L’eliminazione delle certificazioni uniche per i lavoratori autonomi forfettari manda in tilt accertamenti ed il progetto “precompilata” per i contribuenti a forfait. Senza le certificazioni uniche infatti l’amministrazione finanziaria non ha più a disposizione l’ammontare dei compensi annui percepiti dai forfettari, dato che non si può ricavare attraverso la fatturazione elettronica, strumento applicato per obbligo dallo scorso 1 gennaio a tutti i contribuenti con il regime agevolato, e da cui l’agenzia delle entrate può ottenere il “volume d’affari” ma non il dato necessario per determinare il reddito imponibile. Va specificato che i compensi percepiti e quindi il reddito imponibile sono dati indispensabili sia per emettere le lettere di compliance per segnalare eventuali compensi non dichiarati dai forfettari, sia per sviluppare il progetto di fornire una dichiarazione precompilata anche a queste platea di contribuenti così come è intenzione del legislatore e dell’Agenzia delle entrate. Queste sono alcune delle considerazioni che emergono dalla lettura dell’articolo 3 del dlgs 1/2024 sulla razionalizzazione e semplificazione delle norme in materia di adempimenti tributati.
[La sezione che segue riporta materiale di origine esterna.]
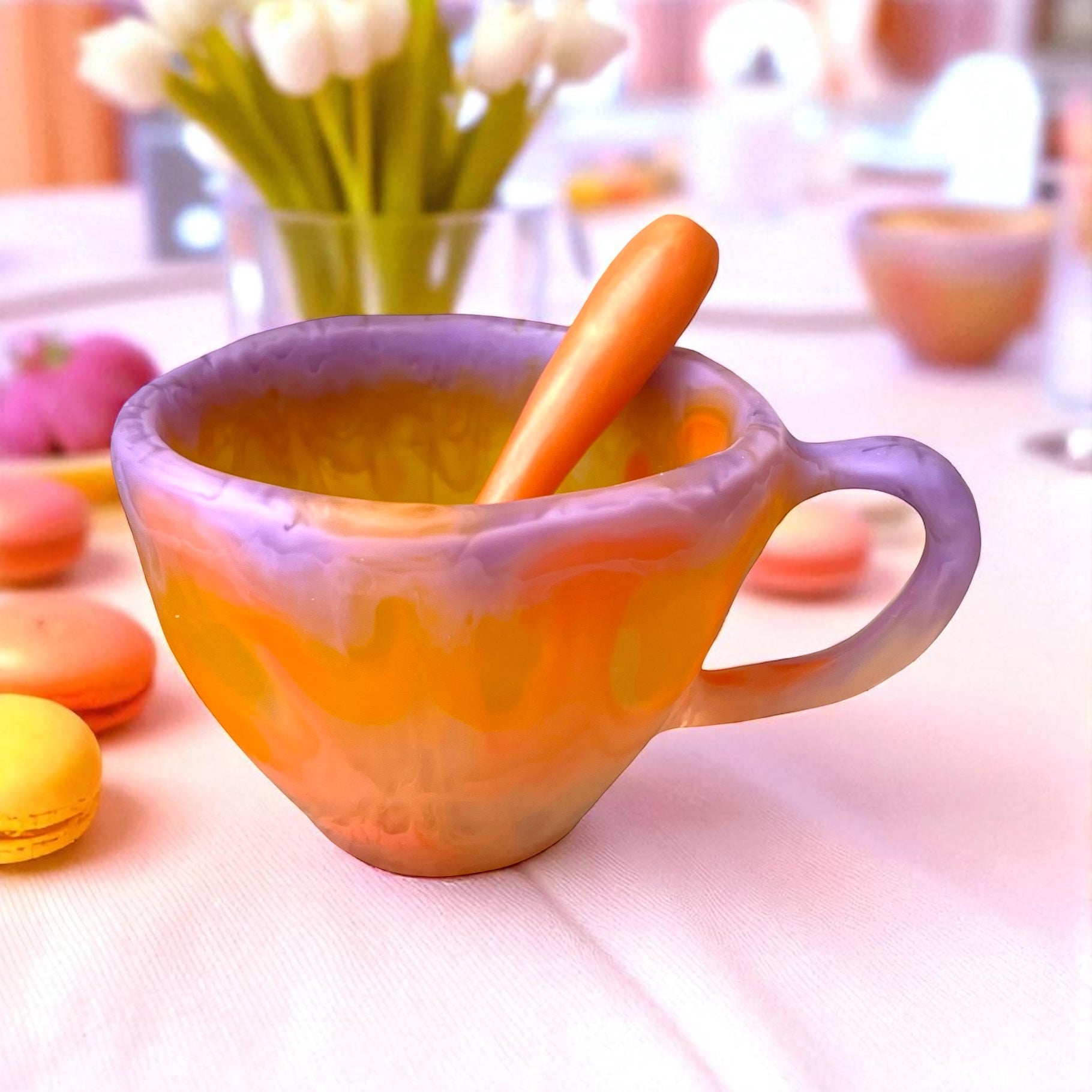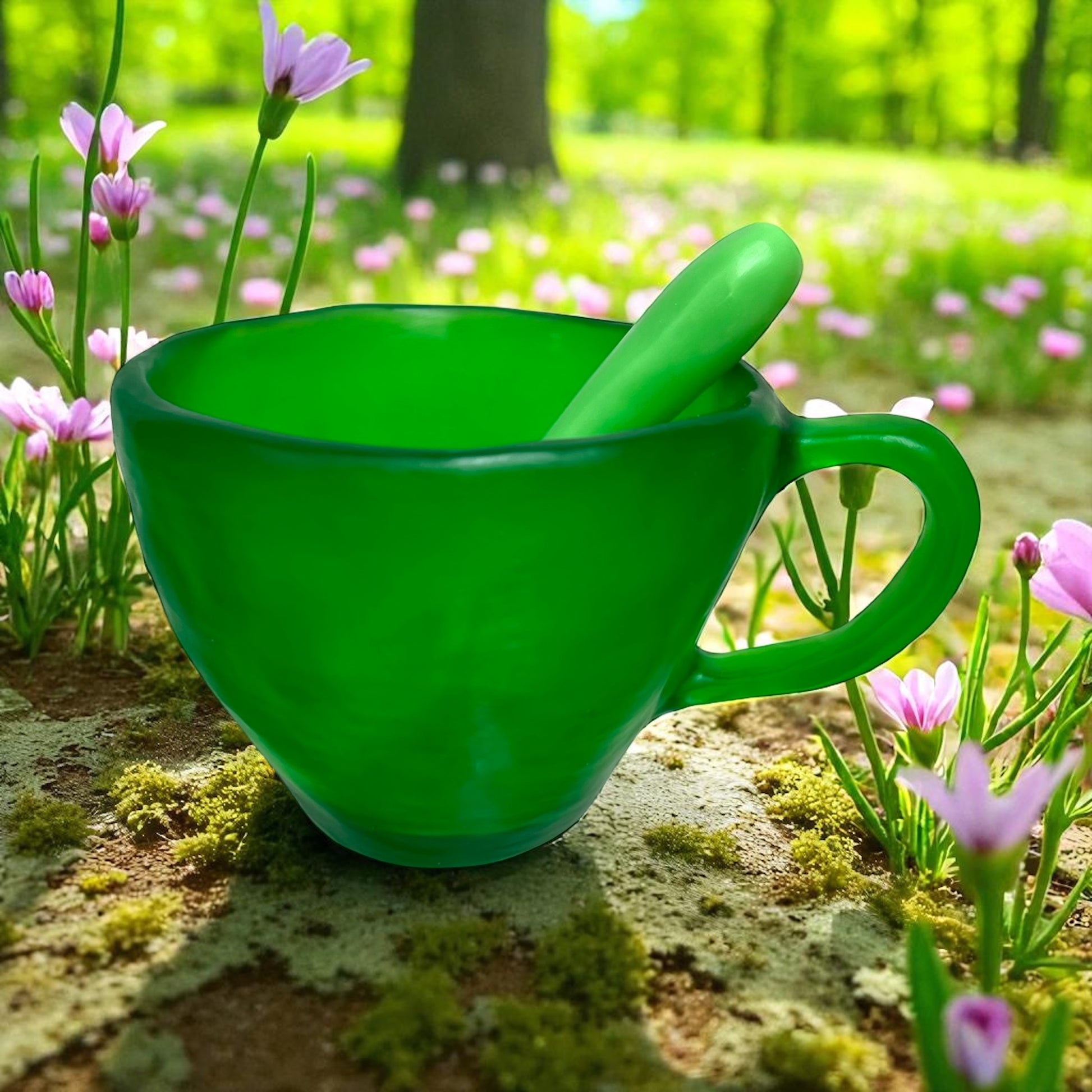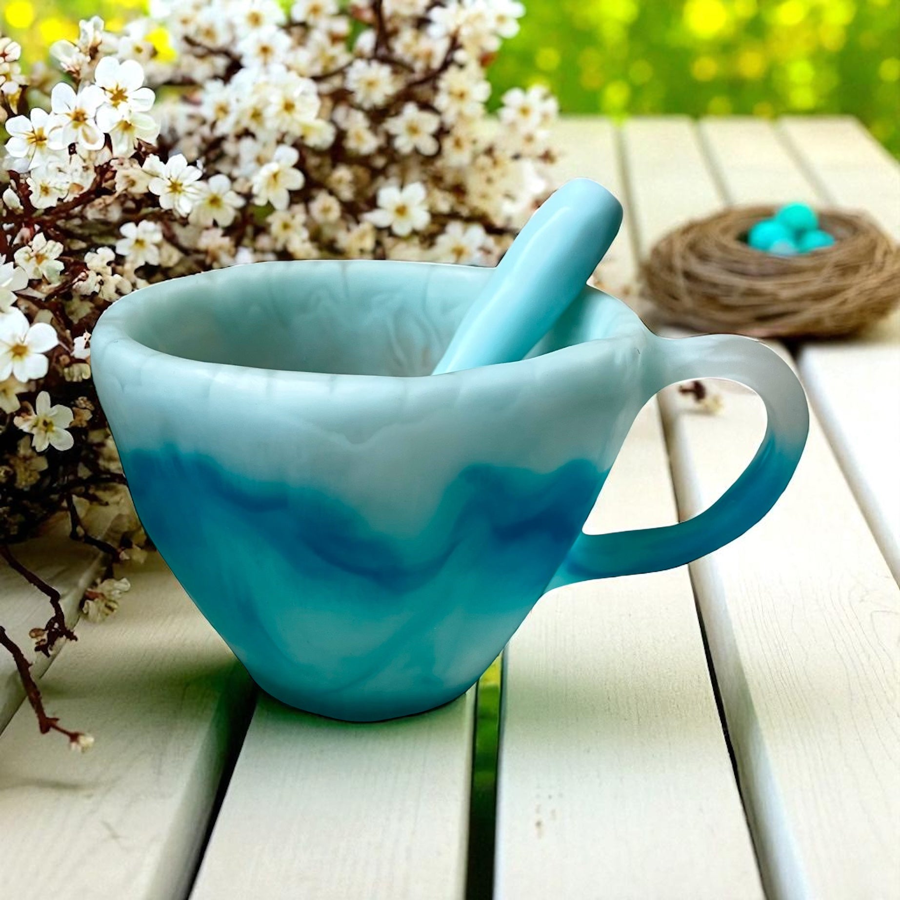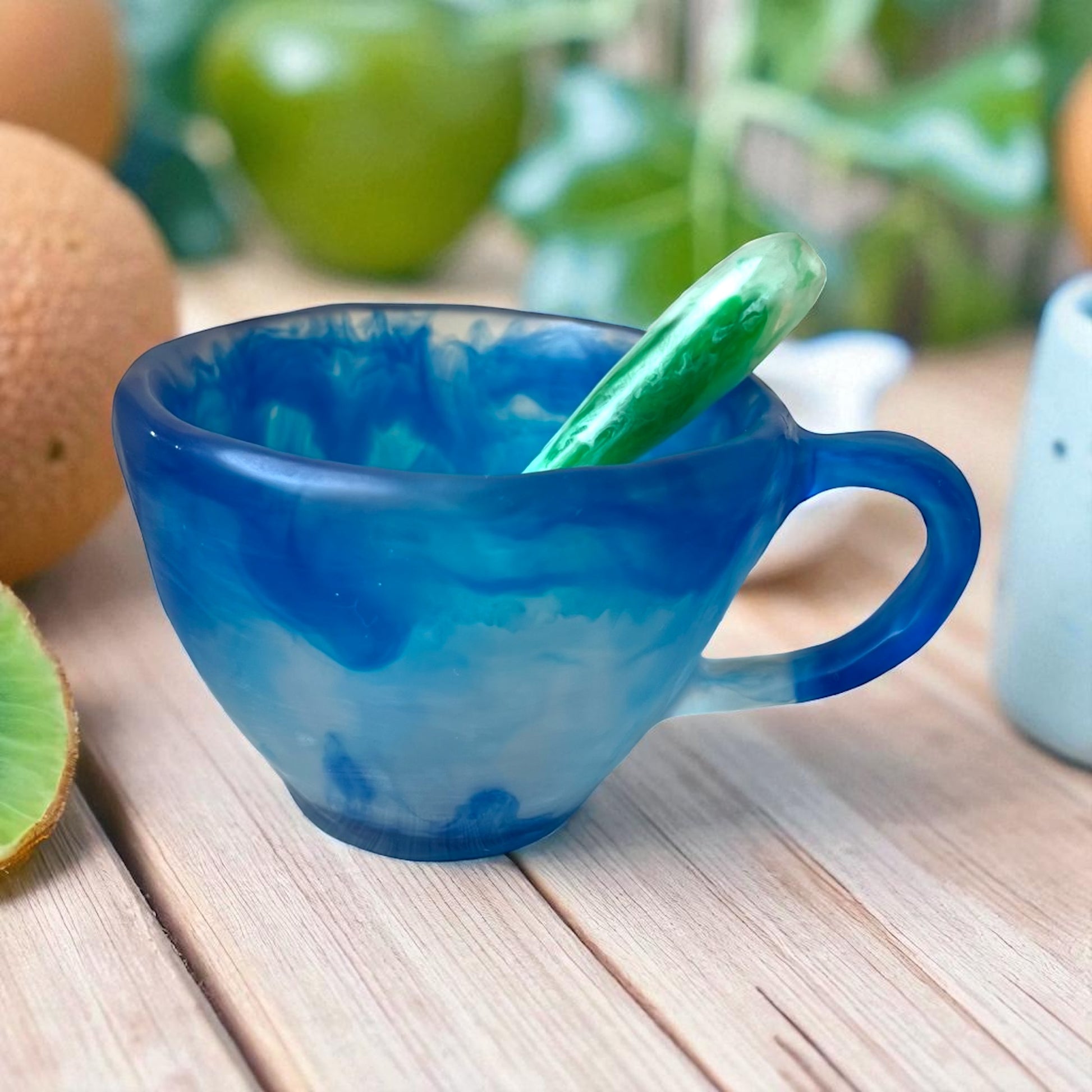 1 POCILLO Grande ☕️ 1 Cuchara en Resina Especial de 375 ml.

E’ opportuno preliminarmente evidenziare che il citato articolo 3 ha modificato l’articolo 4 del dpr 322/1998, che disciplina gli obblighi di certificazione da parte dei sostituti di imposta, inserendo il comma 6-septies secondo cui, a decorrere dall’anno d’imposta 2024, i soggetti vincolati ad operare ritenute alla fonte e che corrispondono compensi, comunque denominati, ai contribuenti che applicano il regime forfettario (ex art. 1 commi da 54 a 89 della legge 190/2014) sono esonerati dall’impegno di predisposizione, consegna al fornitore e trasmissione all’agenzia delle entrate, della certificazione unica per i compensi ad essi corrisposti.
Come indicato nella relazione illustrativa allegata al decreto legislativo, l’esonero trova ragione nella circostanza che, a decorrere dalle operazioni effettuate dal 1° gennaio 2024, tutti i soggetti che aderiscono al regime forfettario sono tenuti ad assolvere gli obblighi di fatturazione elettronica e trasmissione telematica delle fatture o dei relativi dati, così come previsto dall’articolo 1 del decreto legislativo 5 agosto 2015, n. 127.
Dalla fatturazione elettronica però non è possibile (sempre) ricavare le informazioni reddituali dei contribuenti poiché nella pratica sono molteplici i casi di non allineamento all’interno delle stessa annualità tra emissione del documento fiscale, la fatture, da parte dei forfettari ed il pagamento della stesse da parte dei contribuenti.
Caso classico sono le fatture emesse a fine anno e pagate nell’annualità successiva (e tassate per cassa in quest’ultima annualità e non in quella di emissione) ma sono comuni i casi di emissione dei documenti fiscali (ora elettronici per i forfettari) pagati in una annualità successive oppure pagati parzialmente nell’annualità di emissione e parzialmente in uno o più annualità successiva.
Dunque, essendo il momento del pagamento quello che rileva ai fini dell’identificazione del reddito da tassare, senza le certificazioni uniche l’agenzia delle entrate non è più in grado di emettere compliance reddituali che siano effettivamente precise. Stessa sorte toccherà anche al progetto precompilata poiché l’agenzia delle entrate sarà in grado di inserire in una ipotetica dichiarazione automatizzata per i forfettari il dato del loro fatturato attuale e non quello corretto dei compensi effettivamente percepiti e comunicati da ogni sostituto d’imposta.